_Your assignment_
Leaving out the pictures, return word for word the stretch of entries below from the line holding "找到logback-clas" through the line holding "使用ATAGO(愛拓)糖酸度".

_Listed records_
----
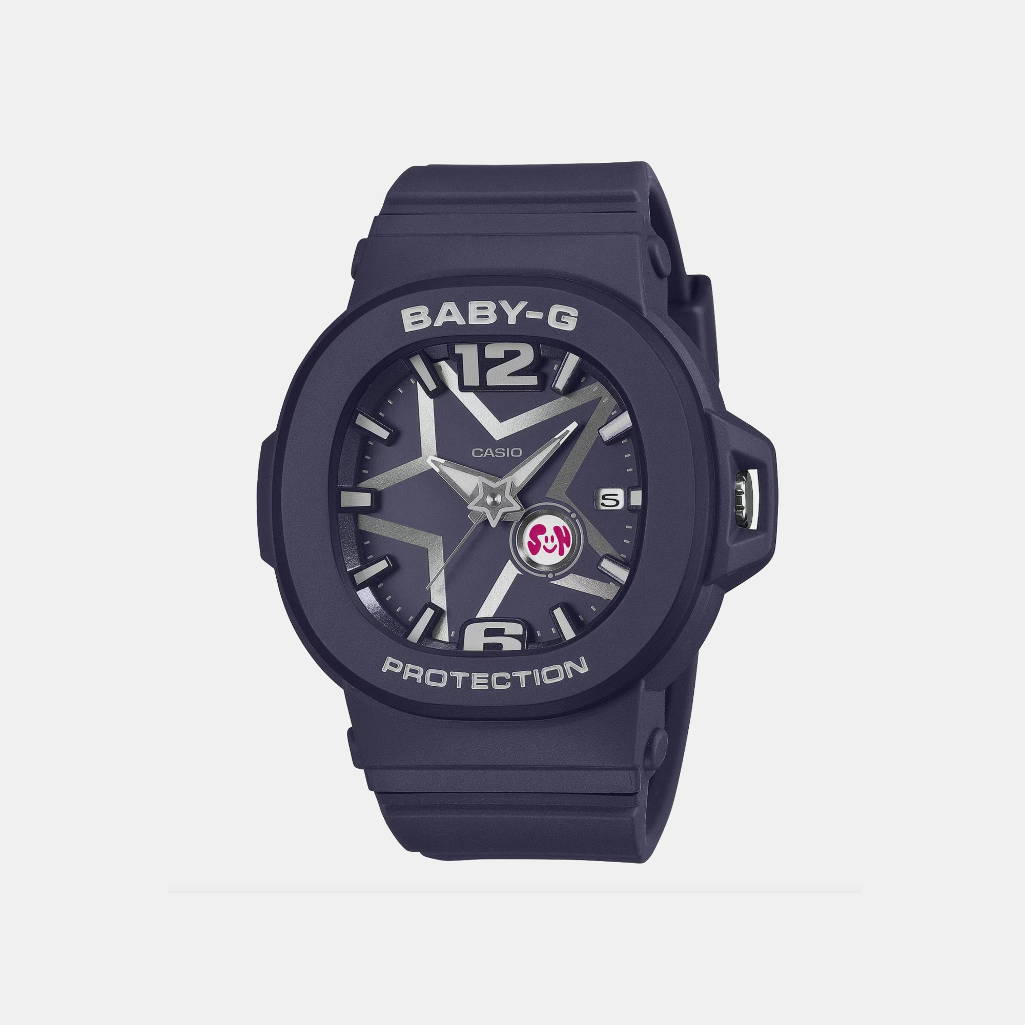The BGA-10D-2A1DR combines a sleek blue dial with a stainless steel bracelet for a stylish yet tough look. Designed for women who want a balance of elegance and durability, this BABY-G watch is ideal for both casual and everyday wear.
----
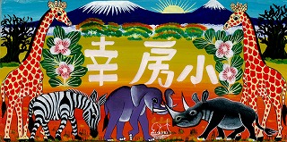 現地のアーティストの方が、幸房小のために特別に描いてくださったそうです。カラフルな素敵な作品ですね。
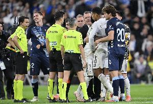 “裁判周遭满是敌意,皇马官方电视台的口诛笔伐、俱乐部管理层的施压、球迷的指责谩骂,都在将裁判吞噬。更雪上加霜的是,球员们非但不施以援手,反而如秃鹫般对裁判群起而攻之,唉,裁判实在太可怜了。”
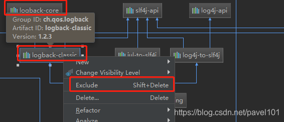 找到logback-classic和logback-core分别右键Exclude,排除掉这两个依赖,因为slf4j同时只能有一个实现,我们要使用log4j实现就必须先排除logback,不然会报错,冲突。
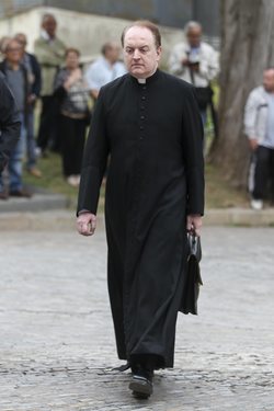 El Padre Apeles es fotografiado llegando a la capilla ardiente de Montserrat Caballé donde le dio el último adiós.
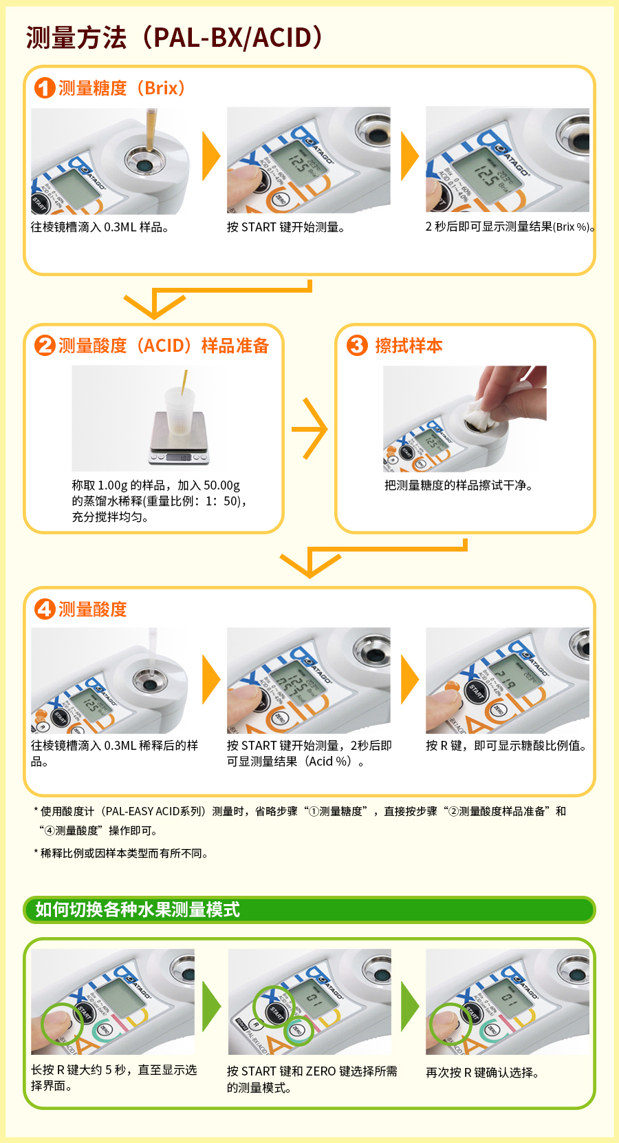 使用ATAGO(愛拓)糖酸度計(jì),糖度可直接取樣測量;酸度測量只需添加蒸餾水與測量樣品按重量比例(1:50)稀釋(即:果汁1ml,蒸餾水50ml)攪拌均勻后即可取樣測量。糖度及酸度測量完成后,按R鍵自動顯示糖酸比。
----
_Answer box_
 找到logback-classic和logback-core分别右键Exclude,排除掉这两个依赖,因为slf4j同时只能有一个实现,我们要使用log4j实现就必须先排除logback,不然会报错,冲突。
 El Padre Apeles es fotografiado llegando a la capilla ardiente de Montserrat Caballé donde le dio el último adiós.
 使用ATAGO(愛拓)糖酸度計(jì),糖度可直接取樣測量;酸度測量只需添加蒸餾水與測量樣品按重量比例(1:50)稀釋(即:果汁1ml,蒸餾水50ml)攪拌均勻后即可取樣測量。糖度及酸度測量完成后,按R鍵自動顯示糖酸比。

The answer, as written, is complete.